* **Exercise description**: Could you copy exactly the lines from the one containing "Les ateliers artistiques" through the last line of the records, leaving out every picture?

== Data

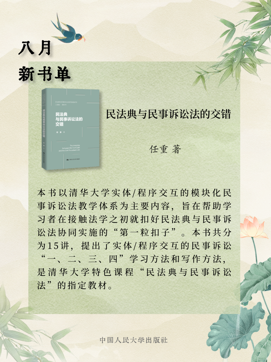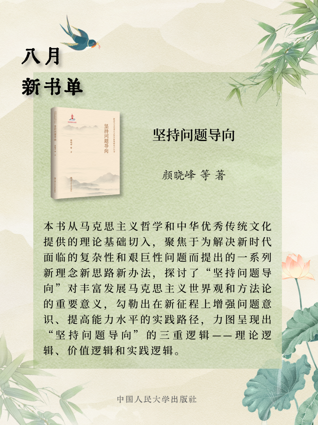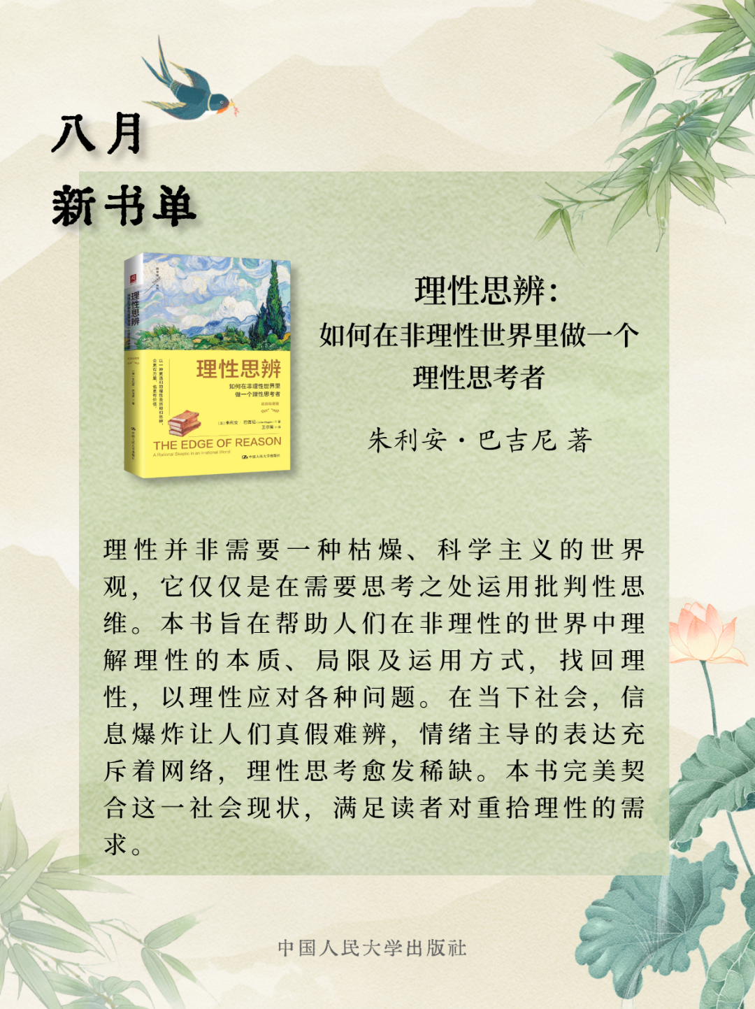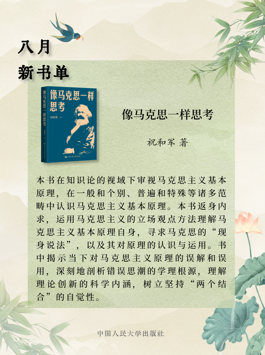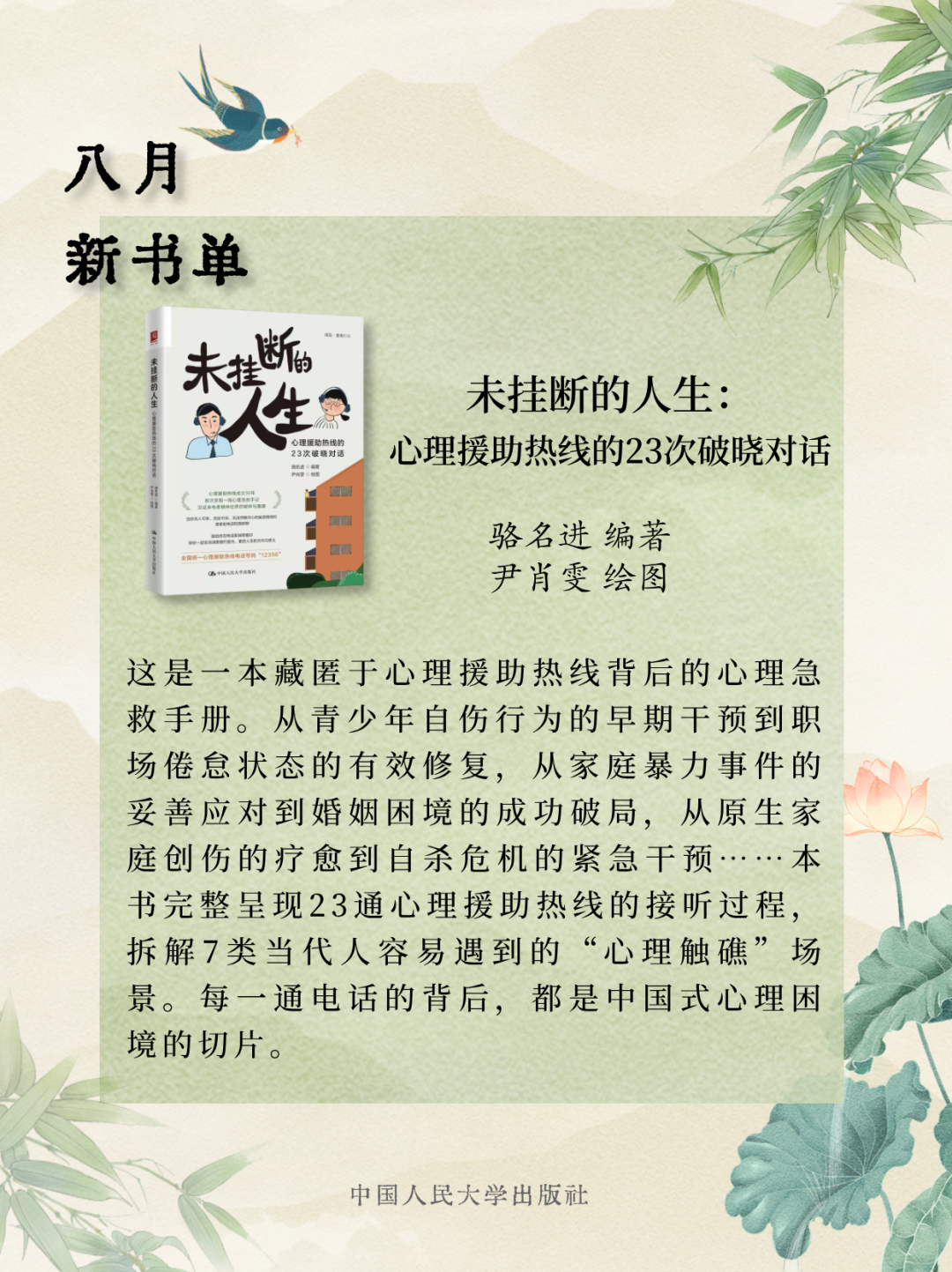 中国人民大学出版社推荐2025年8月新书单,共28种图书,分别为:《怒吼吧,中国:北京鲁迅博物馆藏抗战版画作品集》《坚持问题导向》《吾乡:中国易地扶贫搬迁纪实》《像马克思一样思考》《政治学:美好的学问》《新时代高校思想政治理论课教学案例精选(第1-5辑)》《数智教育学》《建构中国特色公共管理学:实践基础与学术前沿》《治愈世界:医学进步的黄金时代1840—1914》《AI风暴:中美博弈与全球新秩序》《组织战略、结构和过程》《数字营销(第4版)》《民事诉权基础理论研究》《民法典与民事诉讼法的交错》《数字经济法治保障研究:理论基础与法治实践》《合同法研究(第一卷)(第四版)》《合同法研究(第二卷)(第四版)》《如何理解政法:范畴、传统和原理》《行政法的技艺》《税制改革的法治逻辑》《小说家的致富经》《思想实验》《理性思辨:如何在非理性世界里做一个理性思考者》《未挂断的人生:心理援助热线的23次破晓对话》《心理咨询的个案概念化》《我比古人活得好:跨越时空的诊疗启示录》《成为儿童青少年心理治疗师》《不一样的单元教学设计统编高中语文(必修上册、下册)》。天气渐凉,愿这些书陪你告别盛夏,以沉静姿态,迎接秋日丰盈。
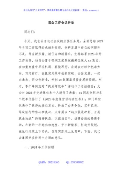 / 国企工作会议讲话
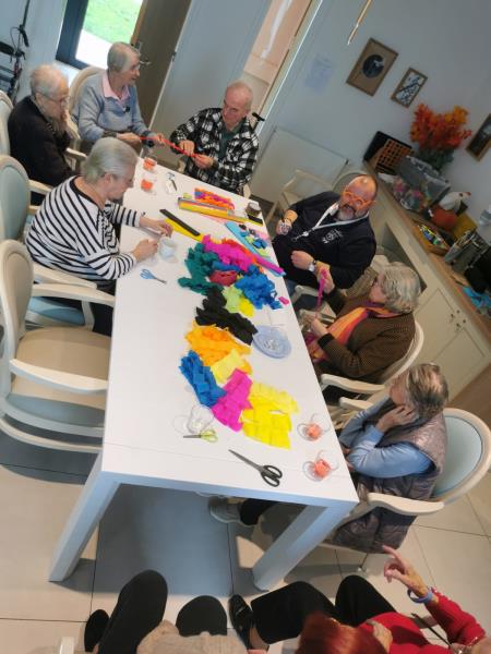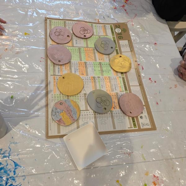 Les ateliers artistiques étaient l'occasion pour les résidents de pouvoir fabriquer des fanions pour supporter les sportifs ainsi que les médailles des mini-olympiades qui auront lieu le 25/02.
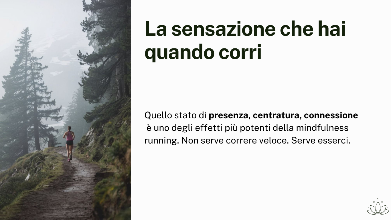 Quello stato di presenza, centratura, connessione è uno degli effetti più potenti della mindfulness running. Non serve correre veloce. Serve esserci.
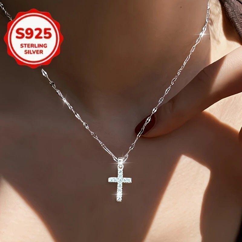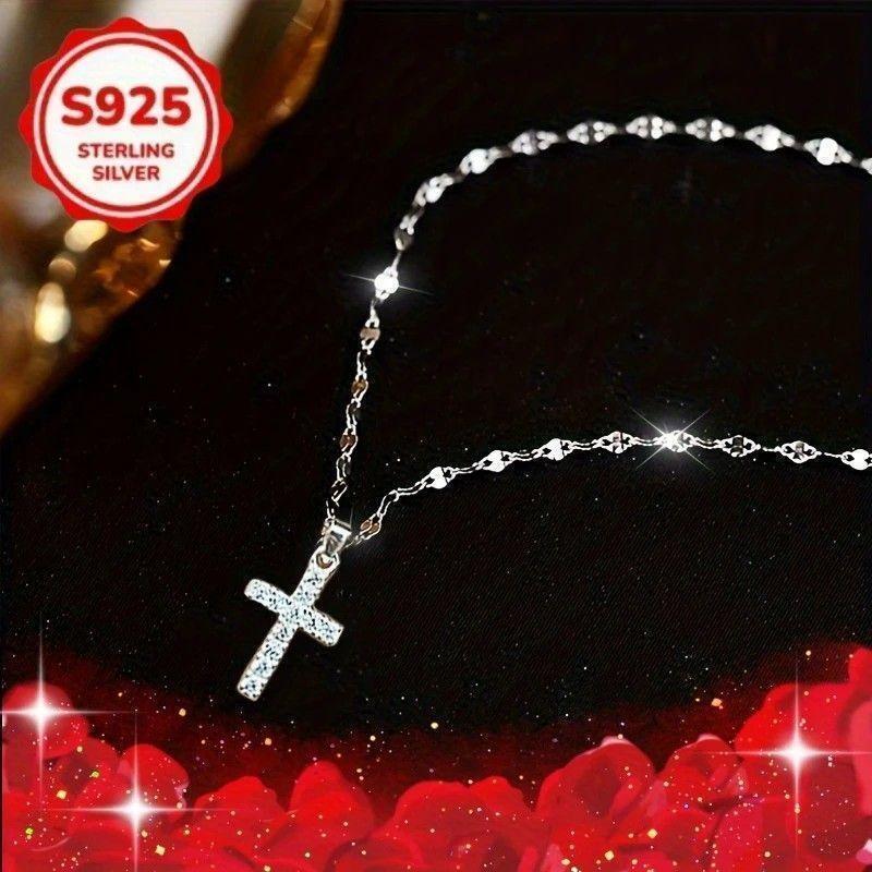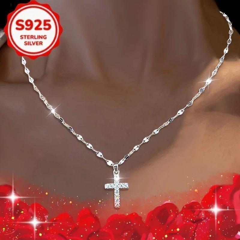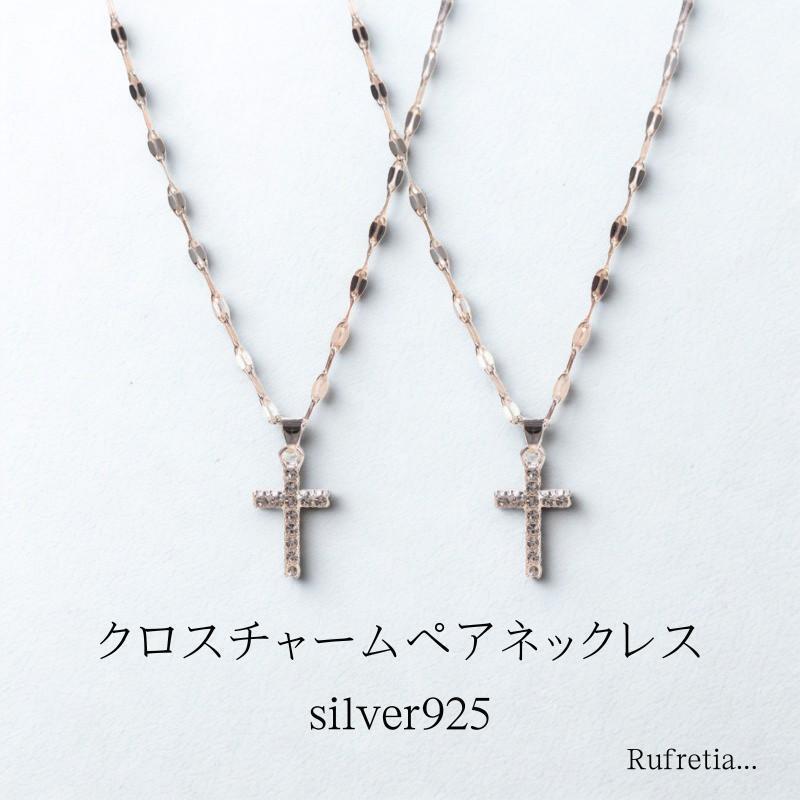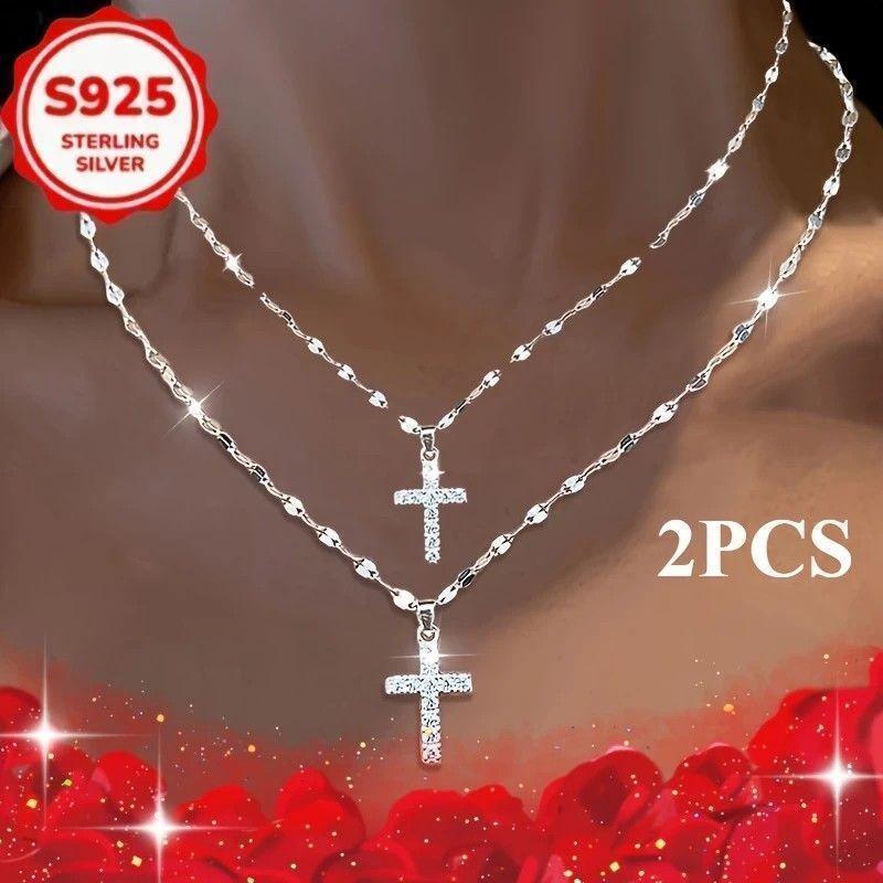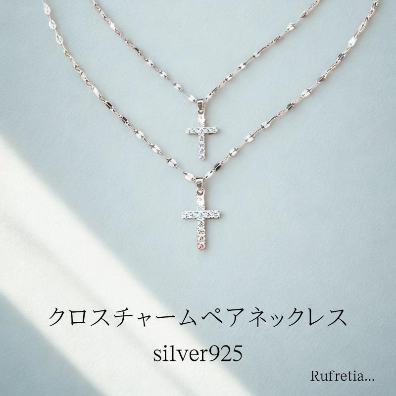 ペア 925 シルバー ネックレス 2点セット クロス ジルコニア ギフト 收藏

====

* **Task output**:
 Les ateliers artistiques étaient l'occasion pour les résidents de pouvoir fabriquer des fanions pour supporter les sportifs ainsi que les médailles des mini-olympiades qui auront lieu le 25/02.
 Quello stato di presenza, centratura, connessione è uno degli effetti più potenti della mindfulness running. Non serve correre veloce. Serve esserci.
 ペア 925 シルバー ネックレス 2点セット クロス ジルコニア ギフト 收藏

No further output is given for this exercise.